Covid 19 Memorial

The Atlantic invited us to think about how we might approach the design of a COVID-19 Memorial. Copper is an anti-microbial metal, and viruses do not survive on its surface for very long. However, it collects human scent very well. That “metallic” smell is actually body odors. However, it is those odors, or chemosignals, that we transmit to one another when we shake hands, embrace, or come close enough to each other that humans, and other animals, are communicating to each other in these complex chemical ways that we have yet to understand fully. So perhaps a memorial invites touch, activates are sense of smell, and communicates to us something deeper than we can fully comprehend. Touching is complex, rendered even more so during these complex times. A memorial that asks us to remember this moment, and those who survived, perhaps lacking touch, and those who didn’t, who we can no longer touch, demands a material that that entices our memory senses and has the capacity to ameliorate the effects of future pandemics.

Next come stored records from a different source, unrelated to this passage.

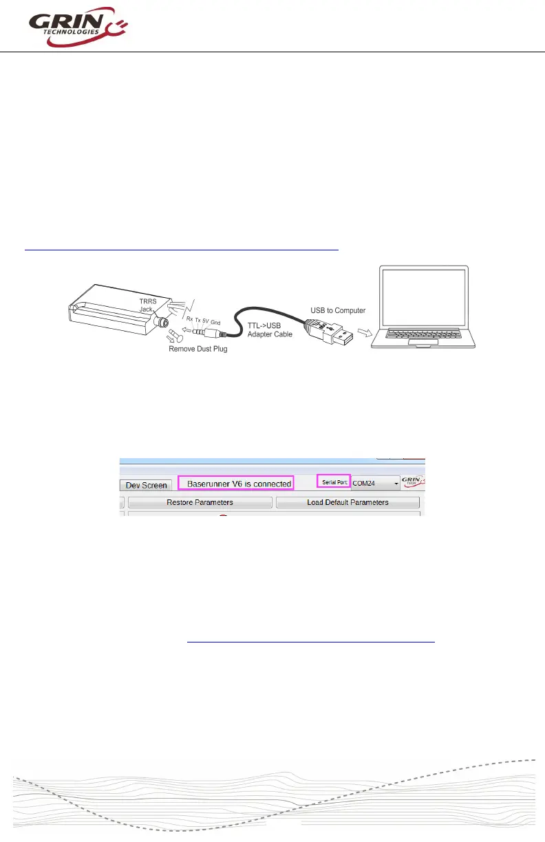 With the Baserunner V6 powered on, plug in the TTL->USB cable from your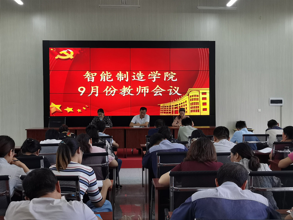 为进一步落实学院教育教学工作要求,统一思想、凝聚共识、深化教育教学改革,部署下一阶段教学工作,智能制造学院在新实训楼报告厅召开9月份教学工作会议。智能制造学院全体教师参加了会议。会议由智能制造学院院长崔桂发主持。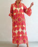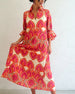 SPECIFICATIES Stijl: Boho Materiaal: katoenblends Type jurk: Verschuivings jurk Jurk lengte: Maxi Hals lijn: V-hals_V Patroon type: Afdrukken Mouw type: Flare mouw Mouw lengte: 3/4 mouw Pasvorm: Normaal Seizoen: Lente,Zomer Gelegenheid: Dagelijks Pakket bestaat uit: 1 x Jurk MAATTABEL (cm) Maat Borst Lengte S 97 137 M 101 138.5 L 105 1...

But rather than a memorial as a destination, it could be distributed. But how do you distribute a copper object to everyone on Earth? The logistics seem impossible. They also correspond exactly with the coordination needed to distribute a vaccine that would successfully inoculate the planet’s population. Perhaps the cure could come with the token that might preserve its own memory, like a talisman or a thing that you could touch all around the world, in every city or town, given that each one will have been touched by the pandemic. It could be something as simple as a doorknob or a balustrade—something mundane—something anyone would touch and recall this moment. Could the vessel that delivers the vaccine itself become the memorial? It’s the one thing that would touch everybody but not touch anyone else.